[RECORD EXTRACTS]

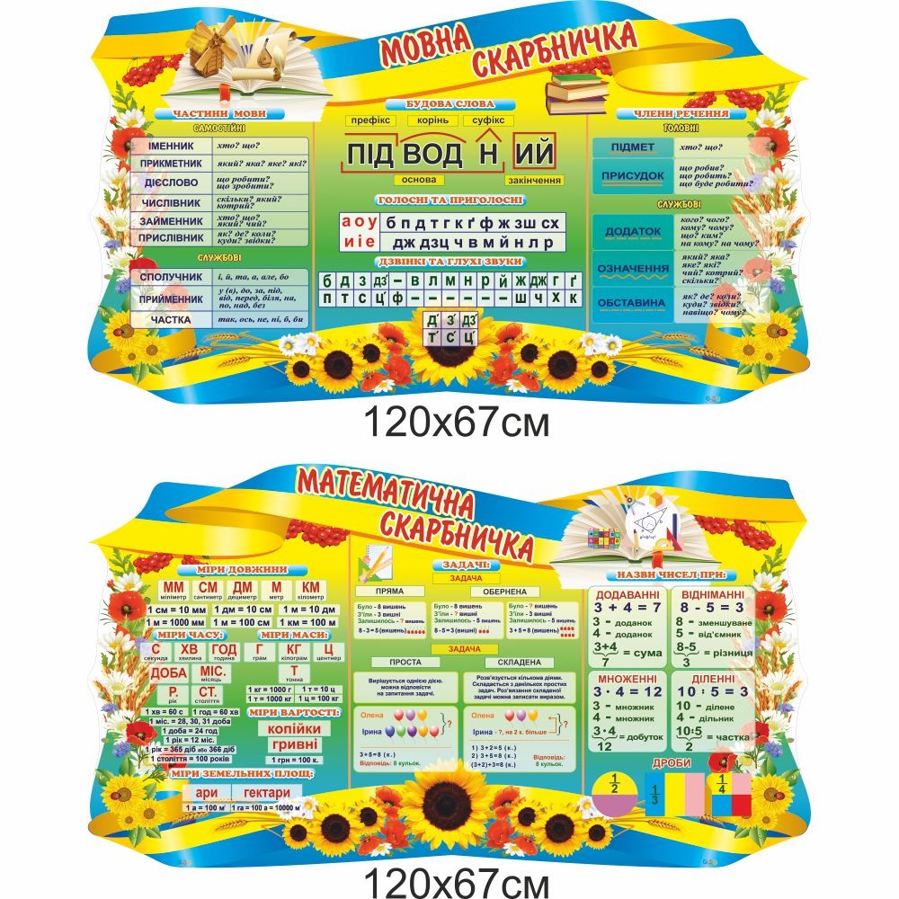 В цьому наборі – 2 стенди, кожен має розмір 1200х670 мм.
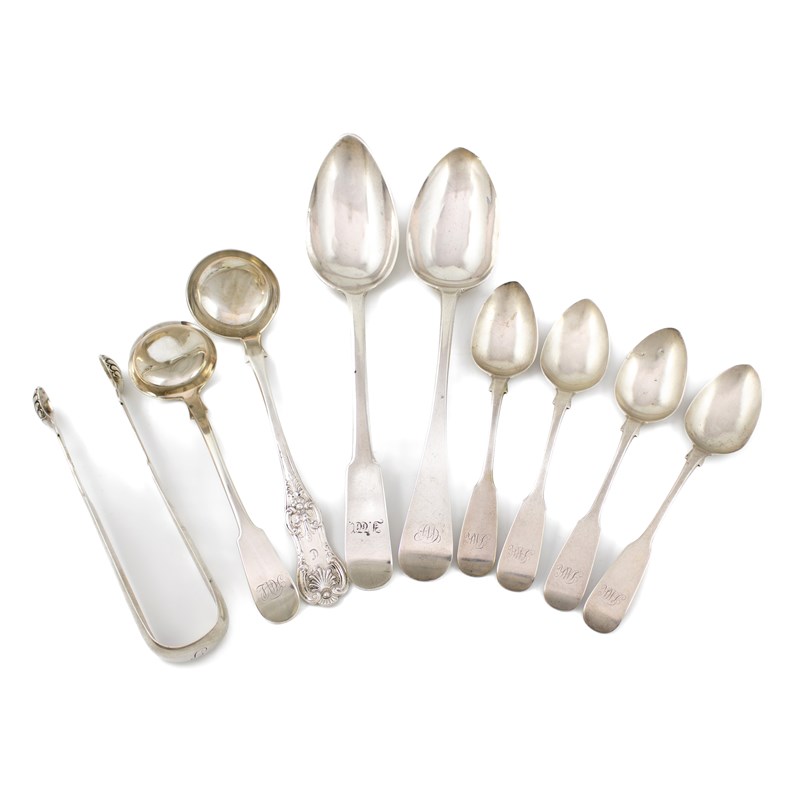 comprising: a George IV tablespoon by Henry Mouncie, Dumfries circa 1827, with engraved initials to the terminal, a mid-19th century tablespoon by George Elder, Banff circa 1840, with engraved initials to the terminal, a pair of sugar tongs by J. Pearson, Dumfries, a set of four Victorian Fiddle teaspoons, by David McDonald, Glasgow 1841, with engraved initials to the terminals, plus two ladles, total approx. weight 11.9oz. (9)
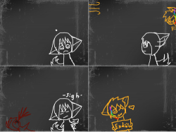 Nom is messing with his friends! Ren is the white one, Vile is the red and nom is the orange. (all are my ocs, you can know more about them after I have draw more, pretty soon i'll do a few drawings with info on them if you care to know about them! x3)
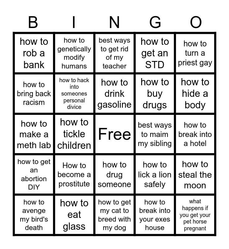 This bingo card has a free space and 24 words: How to become a prostitute, how to eat glass, how to drink gasoline, how to avenge my bird's death, how to turn a priest gay, how to rob a bank, how to bring back racism, how to genetically modify humans, best ways to maim my sibling, how to drug someone, how to buy drugs, how to make a meth lab, how to lick a lion safely, how to steal the moon, how to hack into someones personal divice, how to break into your exes house, how to break into a hotel, best ways to get rid of my teacher, how to hide a body, how to tickle children, what happens if you get your pet horse pregnant, how to get an abortion DIY, how to get an STD and how to get my cat to breed with my dog.
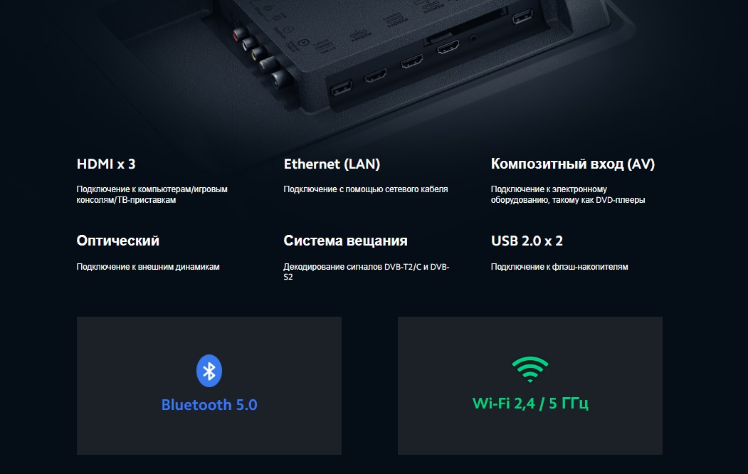 | Особенности | Безрамочный дизайн, Встроенный Wi-Fi, Встроенный Bluetooth, Телетекст, Поддержка SMART TV, Игровой режим, Голосовое управление, Управление со смартфона, Настенный монтаж |

[/RECORD EXTRACTS]

EXERCISE REQUIREMENTS:
Repeat each line of the records exactly, dropping the pictures.

ANSWER FOR THIS EXERCISE:
 В цьому наборі – 2 стенди, кожен має розмір 1200х670 мм.
 comprising: a George IV tablespoon by Henry Mouncie, Dumfries circa 1827, with engraved initials to the terminal, a mid-19th century tablespoon by George Elder, Banff circa 1840, with engraved initials to the terminal, a pair of sugar tongs by J. Pearson, Dumfries, a set of four Victorian Fiddle teaspoons, by David McDonald, Glasgow 1841, with engraved initials to the terminals, plus two ladles, total approx. weight 11.9oz. (9)
 Nom is messing with his friends! Ren is the white one, Vile is the red and nom is the orange. (all are my ocs, you can know more about them after I have draw more, pretty soon i'll do a few drawings with info on them if you care to know about them! x3)
 This bingo card has a free space and 24 words: How to become a prostitute, how to eat glass, how to drink gasoline, how to avenge my bird's death, how to turn a priest gay, how to rob a bank, how to bring back racism, how to genetically modify humans, best ways to maim my sibling, how to drug someone, how to buy drugs, how to make a meth lab, how to lick a lion safely, how to steal the moon, how to hack into someones personal divice, how to break into your exes house, how to break into a hotel, best ways to get rid of my teacher, how to hide a body, how to tickle children, what happens if you get your pet horse pregnant, how to get an abortion DIY, how to get an STD and how to get my cat to breed with my dog.
 | Особенности | Безрамочный дизайн, Встроенный Wi-Fi, Встроенный Bluetooth, Телетекст, Поддержка SMART TV, Игровой режим, Голосовое управление, Управление со смартфона, Настенный монтаж |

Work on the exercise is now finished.